More specifically, cognitive load theory posited that people have to deal with three things when they’re learning:

Intrinsic load
is what people have to keep in mind in order to absorb new material. In a programming class, this might be understanding what a variable is, or understanding how assignment in a programming language is different from creating a reference to a cell in a spreadsheet. Intrinsic load can’t be reduced except by reducing the amount of content being taught.
Germane load
is the (desirable) mental effort required to link new information to old, which is one of the things that distinguishes learning from memorization. An example might be remembering that a loop variable is assigned a new value each time the loop executes.
Extraneous load
is everything else in the instructional material that distracts from learning, such as matching the highlight colors in the instructor’s examples to the different color scheme used by the learner’s own editor.

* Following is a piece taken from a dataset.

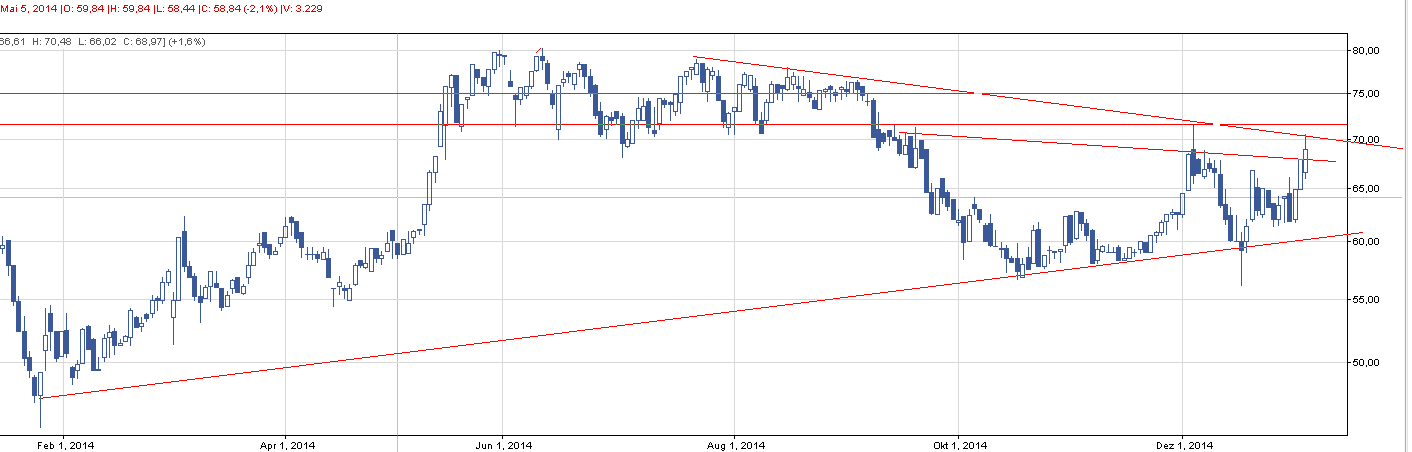 Trend niby wzrostowy, ale od jakiegoś czasu ma problem z przebiciem się na wyższe szczyty. Tak też było dzisiaj. Kurs ostatnio odbił się od wyznaczonej linii trendu wzrostowego, ale zatrzymał go świeższa linia trendu spadkowego. W obecnej sytuacji widzę dwie konstelację: wzrost do najbliższego oporu, tj. ok. 72 zł, 75 zł albo konsolidacja w zakresie dwóch trendów.
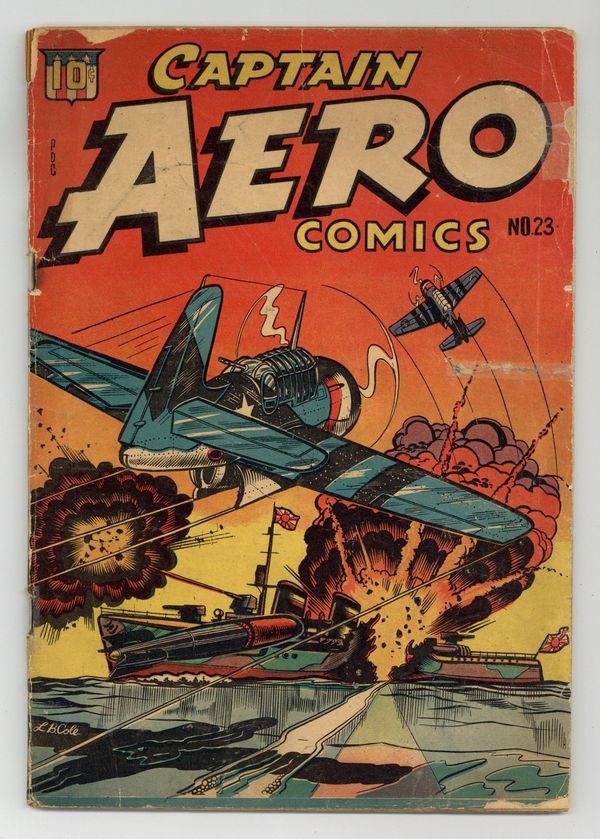 Cover by L. B. Cole. Stories and art by Carmine Infantino, Nina Albright, Rudy Palais, A. Culverwell, Maurice del Bourgo, Al Hollingsworth, and Paul Parker. A patriotic WWII aviator hero whose motto is "Keep 'Em Flyin'!" Miss Victory must stop Axis scientist Fujo and his last-ditch weapon against the Allies, the Globe of Death. Fact-based stories about the war blimps of the US Navy Coastal Patrol (with art by Al Hollingsworth) and wartime air-traffic control (with art by Carmine Infantino). Plus non-fiction stories about the Budd RB-1 Conestoga "flying boxcar," B-25 Bomber, Curtis Commando plane and Douglass SBD Dauntless. Cover by legendary artist L. B. Cole. Captain Aero - Traitor!; Miss Victory; Curtis Commando; Flying Arsenal; The Mighty Mite: Movie Menace Is Malarkey; Pacific Pandemonium; Blimp Blitz; Interceptor Command; Douglass SBD Dauntless; Captain Aeros Sky Scouts: The Old Man of the Air; The Red Cross. 52 pages, Full Color. Cover price $0.10.

Cognitive load theory holds that people have to split a fixed amount of working memory between these three things. Our goal as instructors is to maximize the memory available to handle germane load, which means reducing the intrinsic load at each step and eliminating as much of the extraneous load as possible.

For example, searching for a solution strategy is an extra burden on top of actually applying that strategy. We can therefore accelerate learning by giving learners worked examples that break a solution procedure down into steps, each of which can be mastered on its own before being combined with other steps (which is a step in its own right).

One way to do this is to give learners a series of faded examples. The first example presents a nearly-complete use of the same problem-solving strategy just demonstrated, but with a small number of blanks for the learner to fill in. The next problem is of the same type, but has more blanks, and so on until the learner is asked to solve the entire problem. The material that isn’t blank is often referred to as scaffolding, since it serves the same purpose as the scaffolding set up temporarily at a building site.

Faded examples can be used in almost every kind of teaching, from sport and music to contract law. Someone teaching programming might use them by first explaining how to calculate the total length of a list of words:

# total_length(["red", "green", "blue"]) => 12
define total_length(list_of_words):
    total = 0
    for each word in list_of_words:
        total = total + word.length()
    return total

and then asking learners to fill in the blanks in this (which focuses their attention on control structures):

# word_lengths(["red", "green", "blue"]) => [3, 5, 4]
define word_lengths(list_of_words):
    list_of_lengths = []
    for each ____ in ____:
        list_of_lengths.append(____)
    return list_of_lengths

The next problem might be this (which focuses their attention on updating the final result):

# join_all(["red", "green", "blue"]) => "redgreenblue"
define join_all(list_of_words):
    joined_words = ____
    for each ____ in ____:
        ____
    return joined_words

Learners would finally be asked to write an entire function on their own:

# make_acronym(["red", "green", "blue"]) => "RGB"
define make_acronym(list_of_words):
    ____

Faded examples work because they introduce the problem-solving strategy piece by piece: at each step, learners have one new problem to tackle, which is less intimidating than a blank screen or a blank sheet of paper (s:classroom-practices). It also encourages learners to think about the similarities and differences between various approaches, which helps create the linkages in their mental models that help retrieval.

Efficiency vs. Extent

Seeing worked examples accelerates learning more than having students write lots of code themselves [Skud2014]. As we will see in s:pck, deconstructing code by tracing it or debugging it also increases the efficiency of learning [Grif2016]. However, this isn’t the same as saying that people learn more unless they see additional problems.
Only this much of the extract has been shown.